As the sun sank lower the shadow effect was beautiful, and even Johnny's practical mind was impressed by it. The color effect he had seen before—the streaks of black, gray, red, green, maroon, and white. Bits of crystal and quartz were set afire by the sun's slanting rays and some of them almost dazzled him.

To the west the sky was a blaze of color and the lengthening shadows made an ever-changing picture. Below him the dusk was beginning to shroud the bottom of the canyon, creeping higher and higher as the minutes passed. To see better, he wriggled closer to the edge, and a venomous whine passed over his head to die out swiftly in the air.

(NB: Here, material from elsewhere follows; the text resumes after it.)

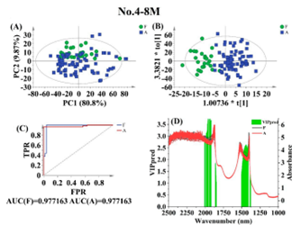 从以上结果不难看出,对椰子水的存储时间、品种和成熟度的定性鉴别都取得了比较理想的结果,除了文椰 2 号 8 个月和文椰 4 号 8 个月的存储时间判断中分别有 3 个和 2 个误判,其模型的总体识别率在 95% 和 97%,剩余的应用模型都达到了 100% 的识别水平。近红外光谱分析在椰子水定性方面展现了十分优异的结果,同时也在水果的快速定性这一应用领域显露出巨大的潜力。
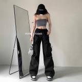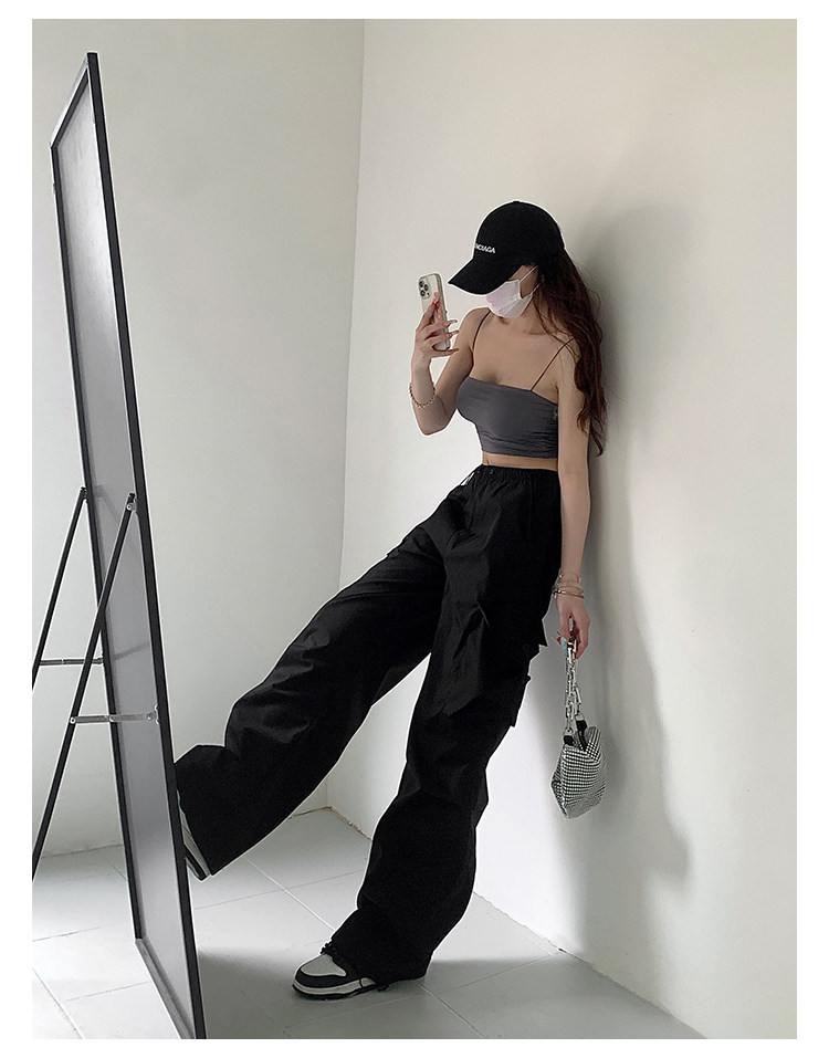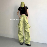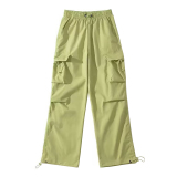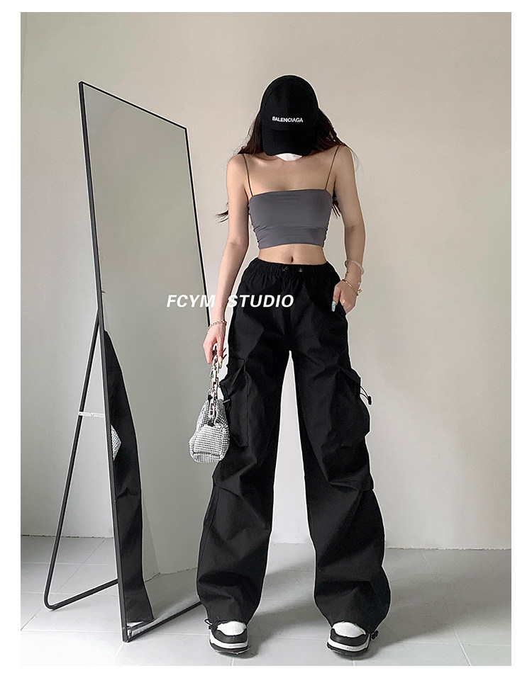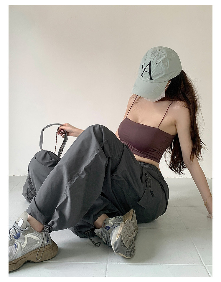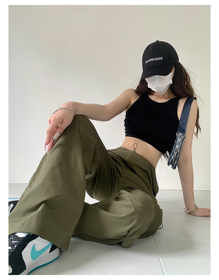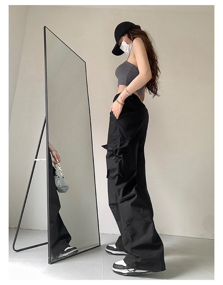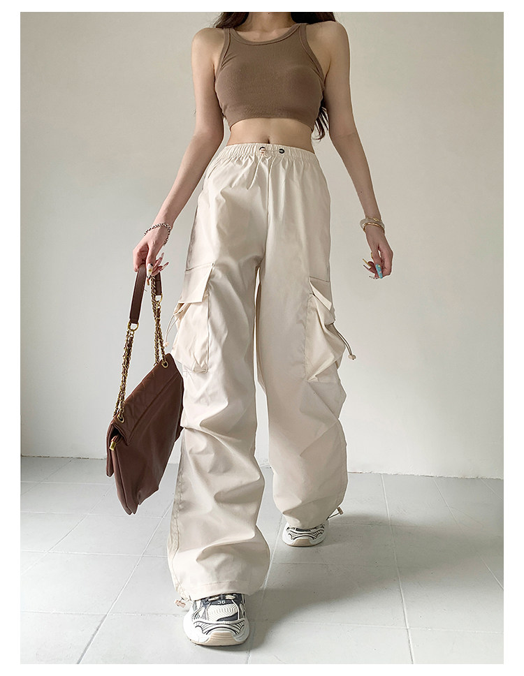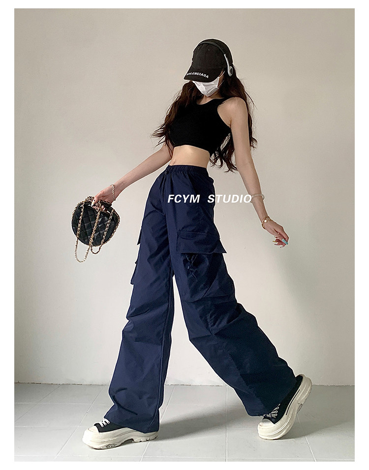 风车与矛 Весенние розовые штаны для отдыха, в американском стиле, свободный прямой крой, на шнурках

"Huh!" he grunted. "Fine target I must 'a' been for that thief down there, with such a sky behind me. I've got to remember things up here, or I'll lose my rememberer. I'm on a skyline that is a skyline. An' I ain't goin' to answer every fool that cuts loose at me, neither. I got plenty of cartridges, but I won't have if I start gettin' foolish with 'em. An' before dark I'm goin' to rustle me a blanket; it's gettin' cooler by jumps."

He made another visit to the south side of the butte for a glance down the trail of misery, and then dismissed it from his mind. In view of his experiences with it in daylight, he knew that no human being could climb it in the dark.

"It's as safe, day an' night, as if Red or Hoppy was layin' right here—an' that's plenty good enough for me," he smiled. "William, Junior's, bobcat kitten won't never grow big enough to climb that place—an' it's th' only thing on earth that he can't climb, blast him!"

Returning to his camp he had a drink and a smoke, and then, taking up a blanket and a pan of cold beans, he went to the head of the trail, there to keep a long and wearisome vigil.

Darkness had descended when he reached his chosen spot, and wrapping the blanket around him he sat down cross-legged, laid his rifle near him, and leaned back against a rock to watch the trail and wait for daylight. Faint, long-drawn, quavering, came the howl of a wolf, and from a point below him in the blackness of the canyon a cougar screamed defiance. He was surprised by the clearness with which occasional sounds came up to him, for he distinctly heard the crack of dead wood where some careless foot trod, and he heard a voice ask who had the second shift on the south side of the butte.

"Turn in," came the answer. "We ain't watchin' that side no more. You relieve me at midnight, an' don't forget it!"

For some time he had been hearing strange, dragging sounds which seemed to come from the foot of the trail; and had been fooled into believing that an attack was under way. Then several low crashes gave him the distance, and he again leaned back against the rock, slipping the Colt into its holster.

A tiny point of light sprang up in the darkness, whisked behind a bowlder as he reached for his rifle, and grew rapidly brighter. Then it soared into the air and curved toward the foot of the trail, and almost instantly became a great, leaping flame which soon lit up the trail, the towering walls of the buttes, and the glistening bowlders in the canyon.